(Records from a data source)
________
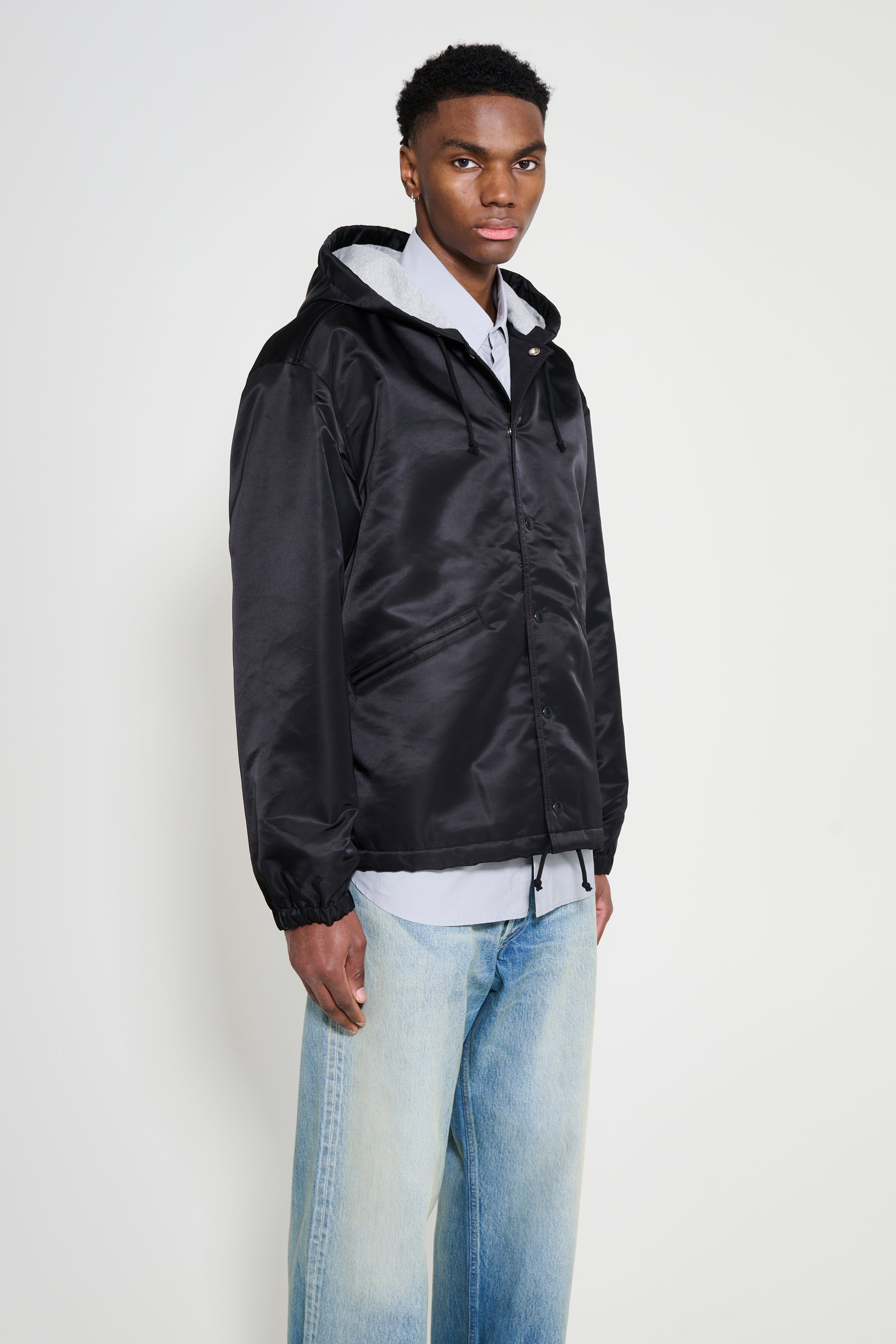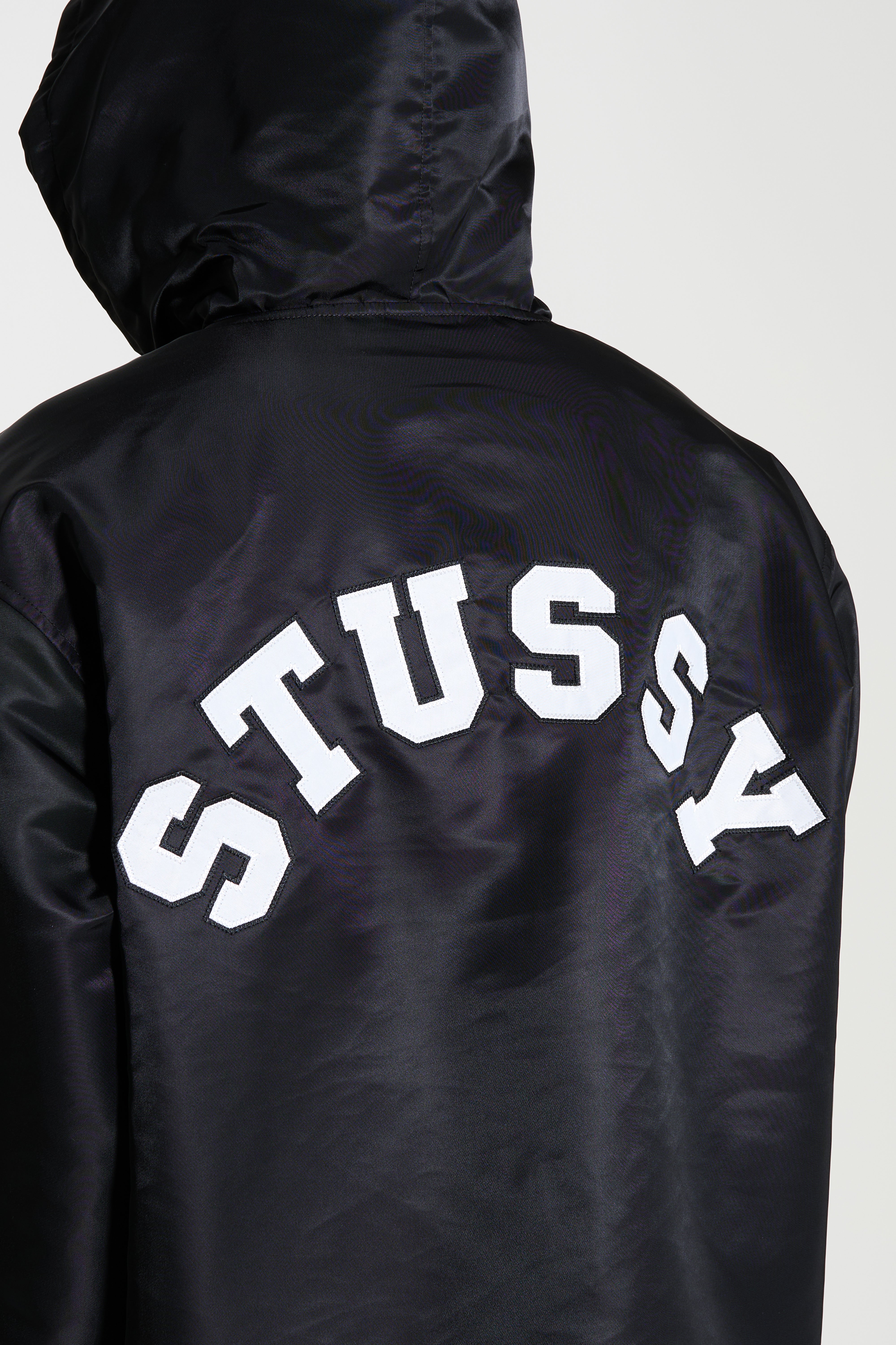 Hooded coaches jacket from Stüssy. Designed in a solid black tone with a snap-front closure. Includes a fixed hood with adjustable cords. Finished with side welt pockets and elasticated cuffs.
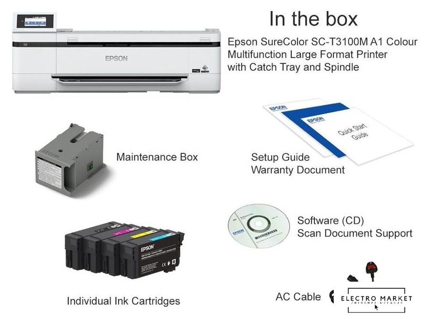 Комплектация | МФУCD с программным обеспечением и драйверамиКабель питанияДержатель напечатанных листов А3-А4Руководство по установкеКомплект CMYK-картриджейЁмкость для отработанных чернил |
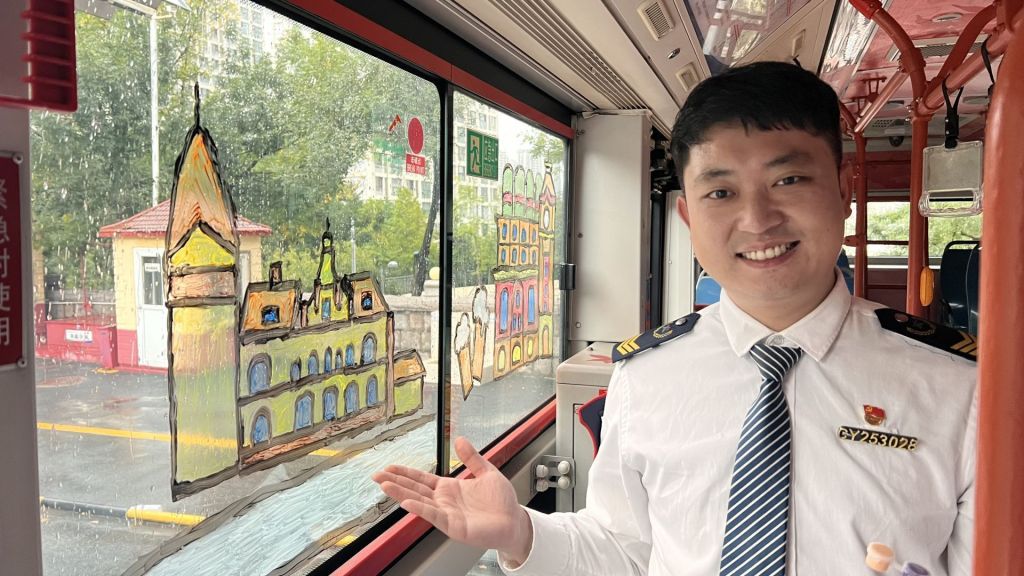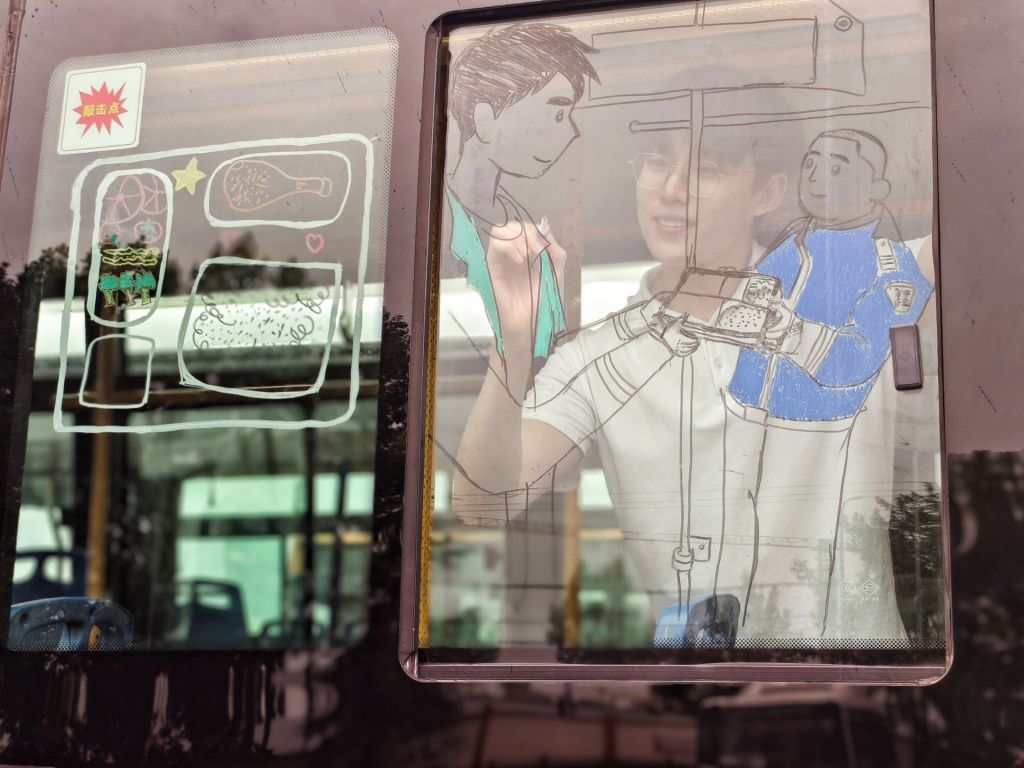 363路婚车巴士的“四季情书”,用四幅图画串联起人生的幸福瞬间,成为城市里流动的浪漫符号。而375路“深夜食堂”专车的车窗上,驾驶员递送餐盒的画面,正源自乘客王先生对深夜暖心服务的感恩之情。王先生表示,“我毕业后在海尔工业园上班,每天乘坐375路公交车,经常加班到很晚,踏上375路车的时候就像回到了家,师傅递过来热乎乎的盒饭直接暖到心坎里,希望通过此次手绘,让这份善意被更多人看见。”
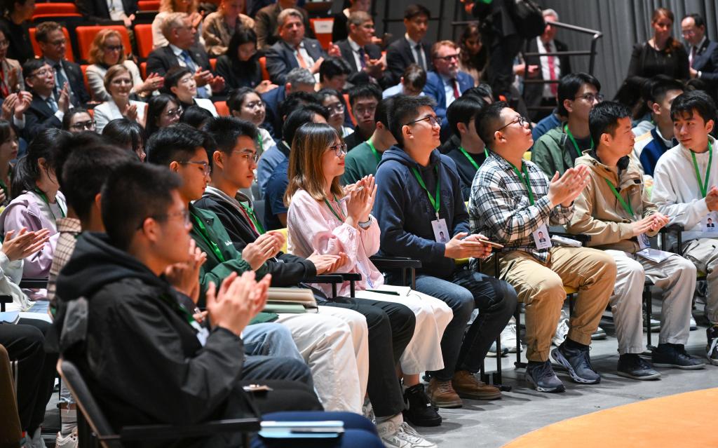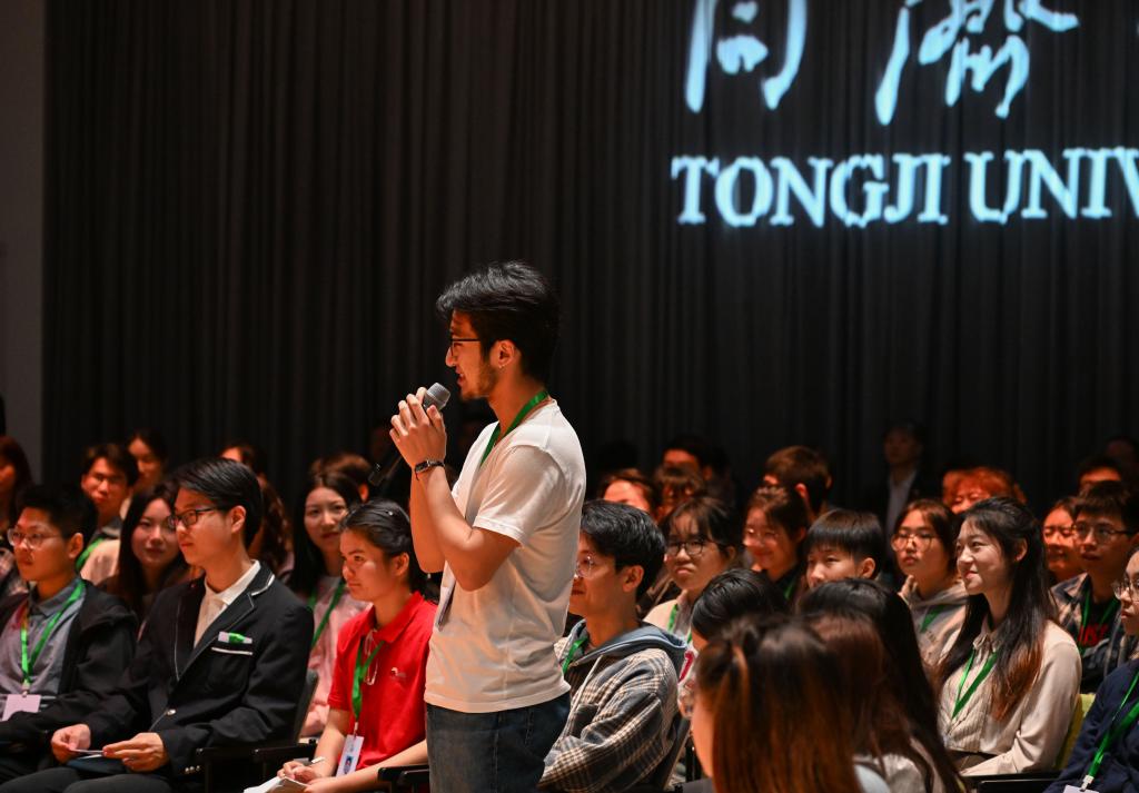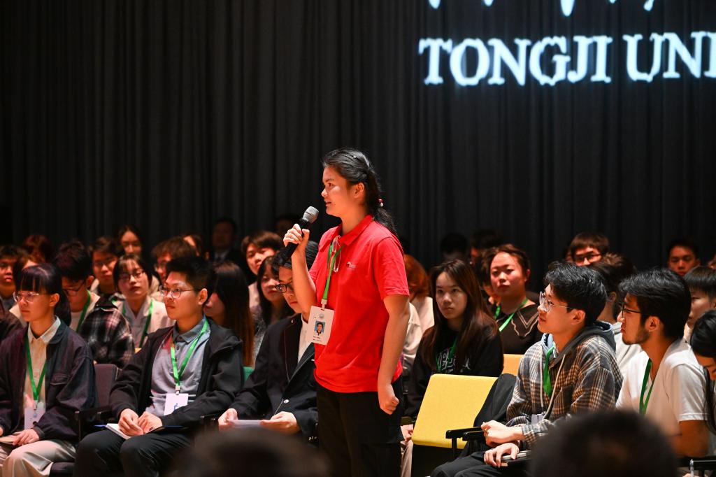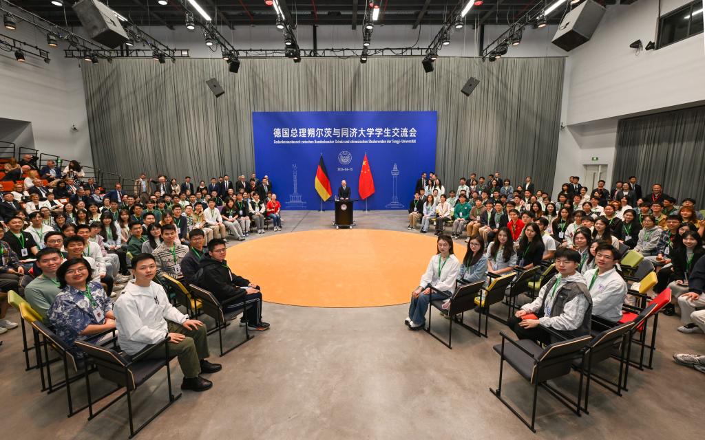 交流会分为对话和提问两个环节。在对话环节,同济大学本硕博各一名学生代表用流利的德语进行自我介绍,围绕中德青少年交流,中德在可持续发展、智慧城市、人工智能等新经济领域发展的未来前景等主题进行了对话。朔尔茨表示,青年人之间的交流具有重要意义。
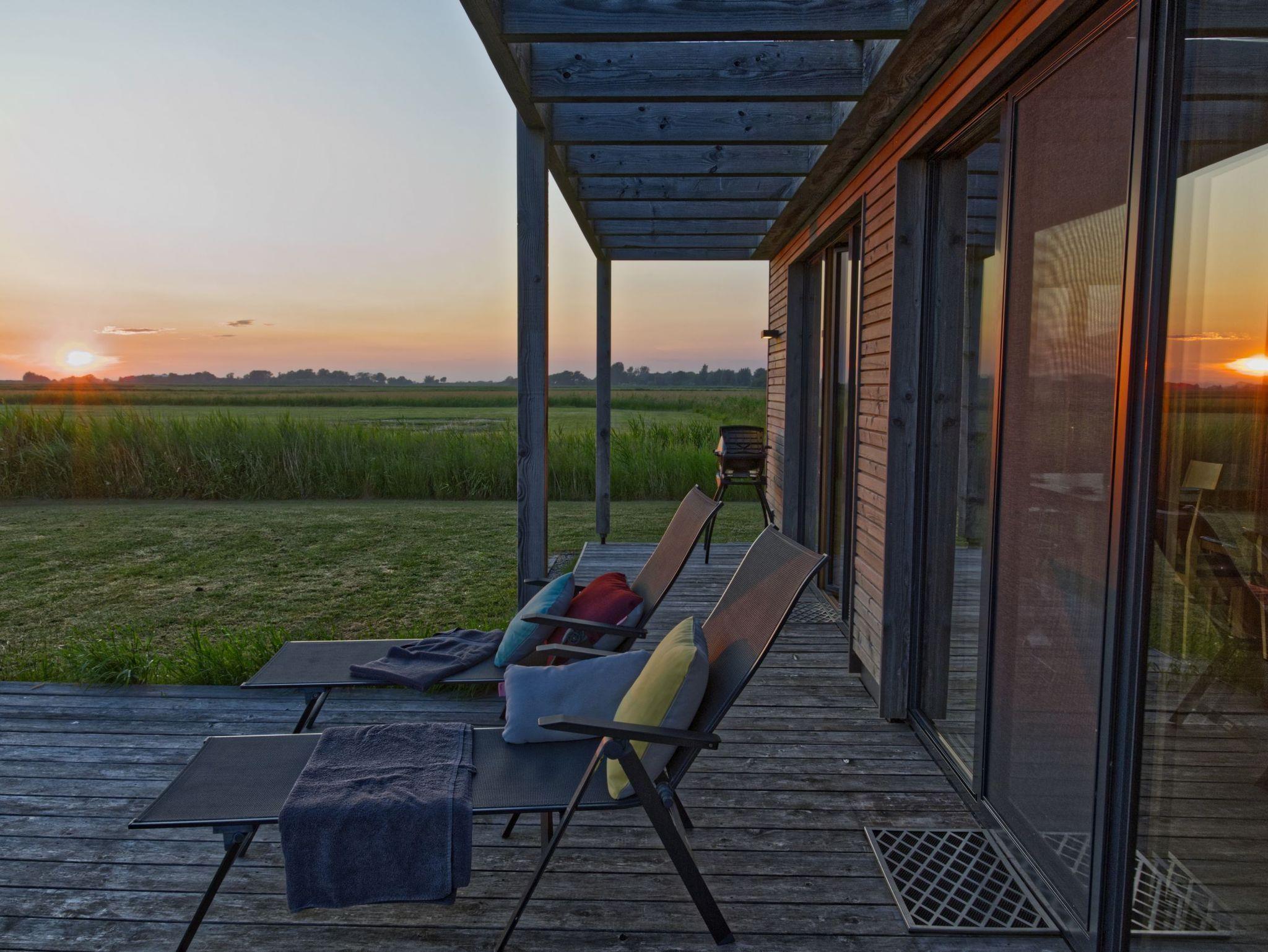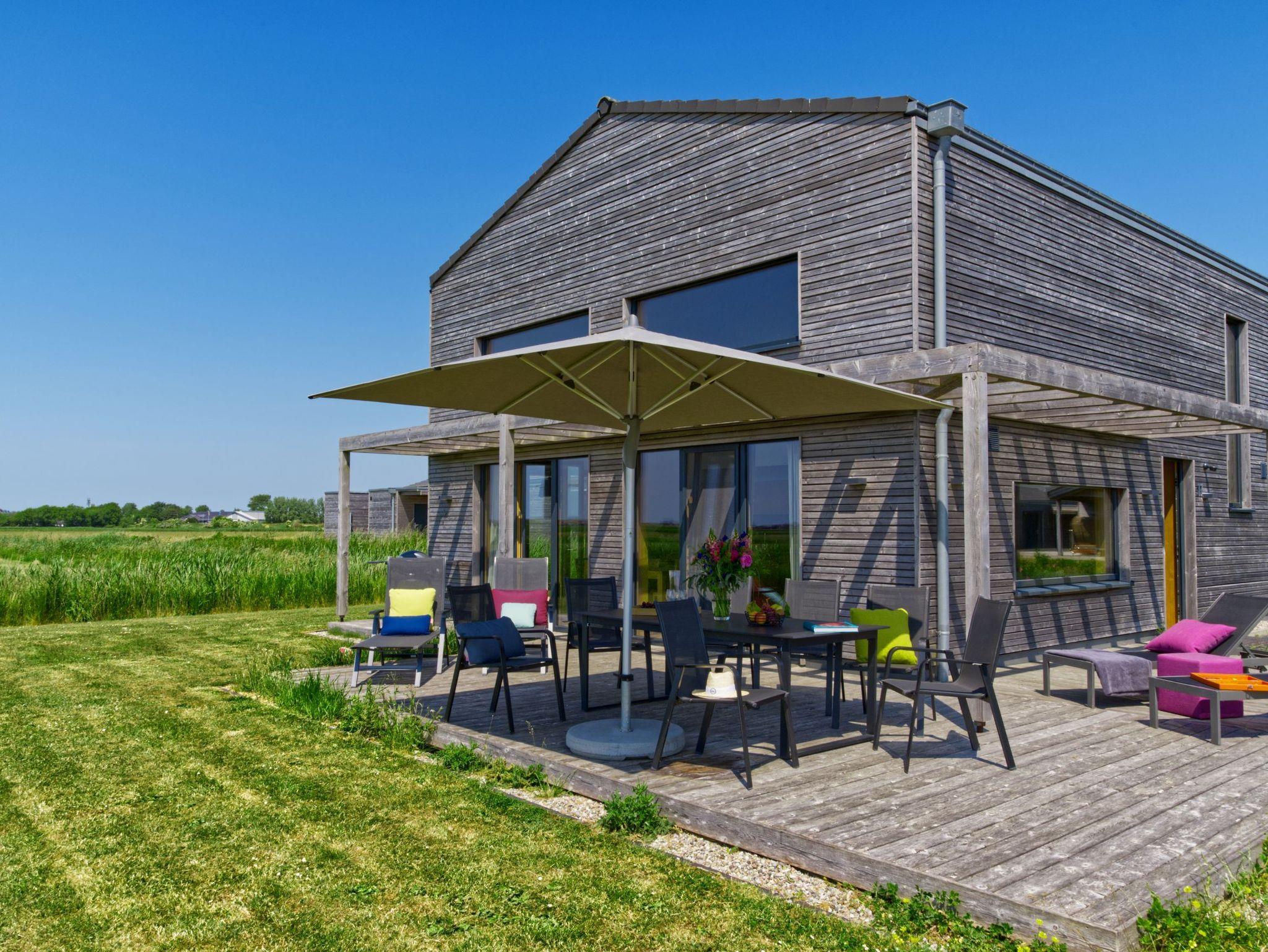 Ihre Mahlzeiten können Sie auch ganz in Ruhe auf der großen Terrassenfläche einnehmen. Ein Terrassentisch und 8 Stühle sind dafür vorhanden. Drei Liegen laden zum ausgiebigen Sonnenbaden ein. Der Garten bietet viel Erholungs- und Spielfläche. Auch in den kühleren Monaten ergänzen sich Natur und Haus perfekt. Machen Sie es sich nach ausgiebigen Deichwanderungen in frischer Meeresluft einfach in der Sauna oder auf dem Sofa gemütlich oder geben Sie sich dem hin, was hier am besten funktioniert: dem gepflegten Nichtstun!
________
**Activity:** Please leave out the pictures as you reproduce the lines exactly, from the first line of the entries through the line containing "交流会分为对话和提问两个环节".

**Result of this exercise:**
 Hooded coaches jacket from Stüssy. Designed in a solid black tone with a snap-front closure. Includes a fixed hood with adjustable cords. Finished with side welt pockets and elasticated cuffs.
 Комплектация | МФУCD с программным обеспечением и драйверамиКабель питанияДержатель напечатанных листов А3-А4Руководство по установкеКомплект CMYK-картриджейЁмкость для отработанных чернил |
 363路婚车巴士的“四季情书”,用四幅图画串联起人生的幸福瞬间,成为城市里流动的浪漫符号。而375路“深夜食堂”专车的车窗上,驾驶员递送餐盒的画面,正源自乘客王先生对深夜暖心服务的感恩之情。王先生表示,“我毕业后在海尔工业园上班,每天乘坐375路公交车,经常加班到很晚,踏上375路车的时候就像回到了家,师傅递过来热乎乎的盒饭直接暖到心坎里,希望通过此次手绘,让这份善意被更多人看见。”
 交流会分为对话和提问两个环节。在对话环节,同济大学本硕博各一名学生代表用流利的德语进行自我介绍,围绕中德青少年交流,中德在可持续发展、智慧城市、人工智能等新经济领域发展的未来前景等主题进行了对话。朔尔茨表示,青年人之间的交流具有重要意义。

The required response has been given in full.